Questa precisazione della Federazione Italiana per il Superamento dell’Handicap, per bocca del suo presidente Pietro Barbieri, si unisce ad un doppio appello: al Comitato 16 novembre, affinché vengano sospese le iniziative più estreme che possono mettere a rischio immediato vite umane, ed alla Maggioranza, affinché venga compiuto un ulteriore sforzo per il finanziamento del Fondo per le politiche sociali e del Fondo per la non autosufficienza, strumenti essenziali per la qualità della vita delle persone.

Dopo gli ultimi emendamenti in Commissione Bilancio sarebbero previsti 300 milioni aggiuntivi, per il solo 2013, per le politiche sociali, e 200 per la non autosufficienza.

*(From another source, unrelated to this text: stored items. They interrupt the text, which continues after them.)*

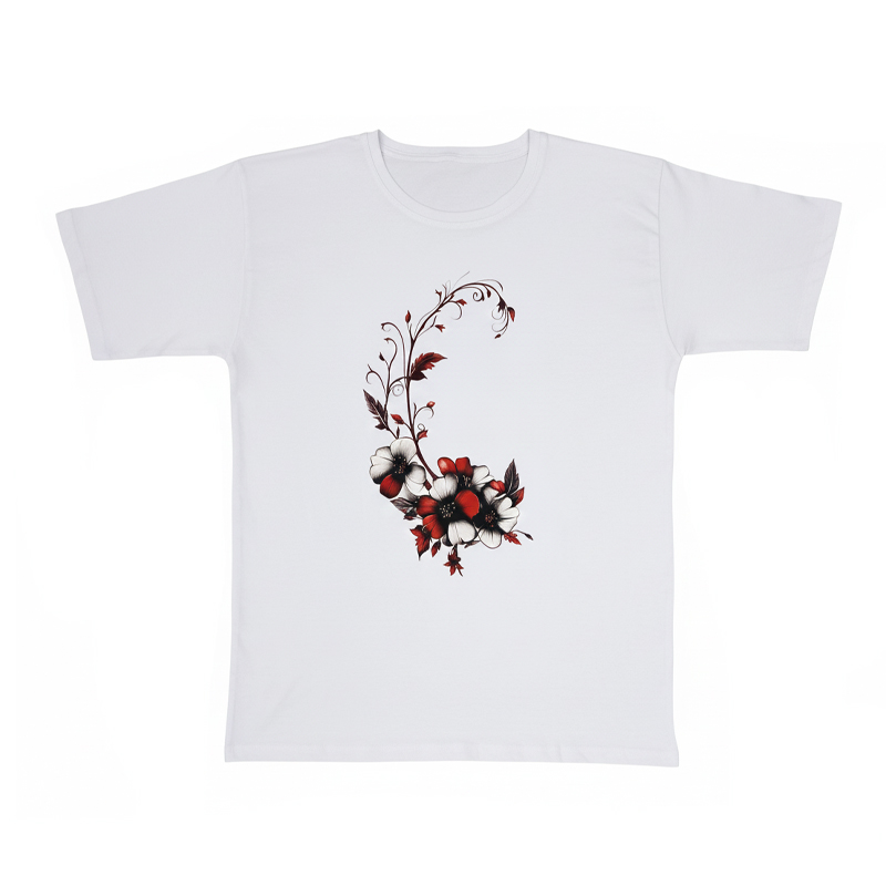 طرح گل بهکاررفته روی تیشرت، جلوهای لطیف و زنانه به آن بخشیده و بهراحتی با شلوار جین، اسلش یا دامن قابل ست شدن است.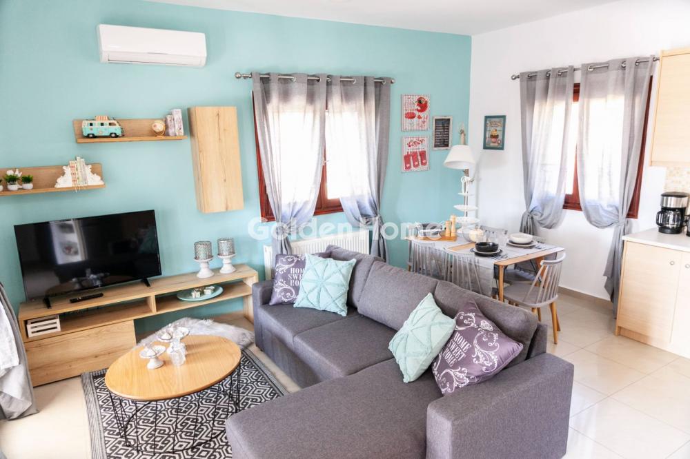 In Platanias, 20km from Chaia, in Modi, a beautiful detached house of 82 sqm is for sale, on a plot of 200sqm, built in 2015, with two bedrooms, a bathroom with a washing machine, an open kitchen with livig room and dining room, fully equipped with the necessary electrical appliances and its usefull objects. The unique residence has a 100 sqm terrace with a swimming pool and views of the mountains and the wider area. It is suitable for both permanent residence and tourist exploitation!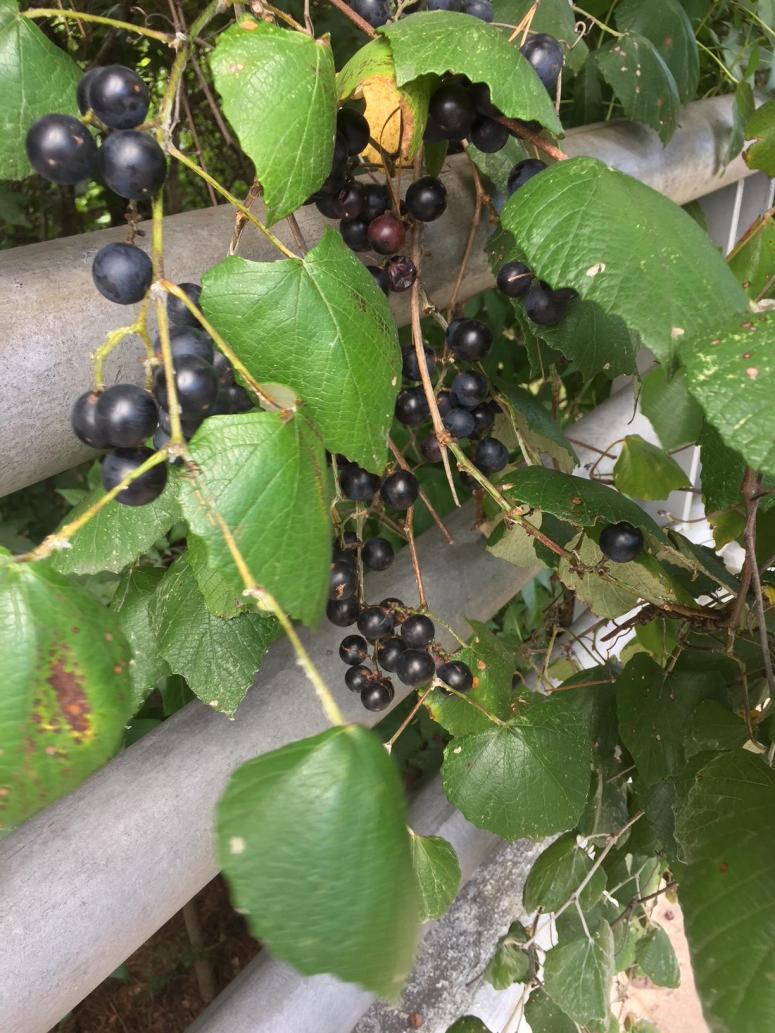 I am I little taller than the average guy. I saw purple spots on the bike path on the West Lake Houston bridge and looked up. Within my grasp was a vine….a good firm pull and it was down at picking height.

Lo sforzo è minimo. Il Fondo per le politiche sociali era, nel 2008, di 900 milioni. Quello per la non autosufficienza, alla sua costituzione, ammontava a 400 milioni ed era già considerato insufficiente alle reali esigenze.

La Commissione Affari Sociali aveva approvato una serie di emendamenti, poi vanificati in Commissione Bilancio, che andavano nella direzione di rilanciare tutti i Fondi sociali. Un passaggio che riteniamo essenziale per iniziare una riflessione più complessiva sul welfare in Italia. Da quegli emendamenti la FISH chiede di ripartire evitando risposte parziali ed inadeguate.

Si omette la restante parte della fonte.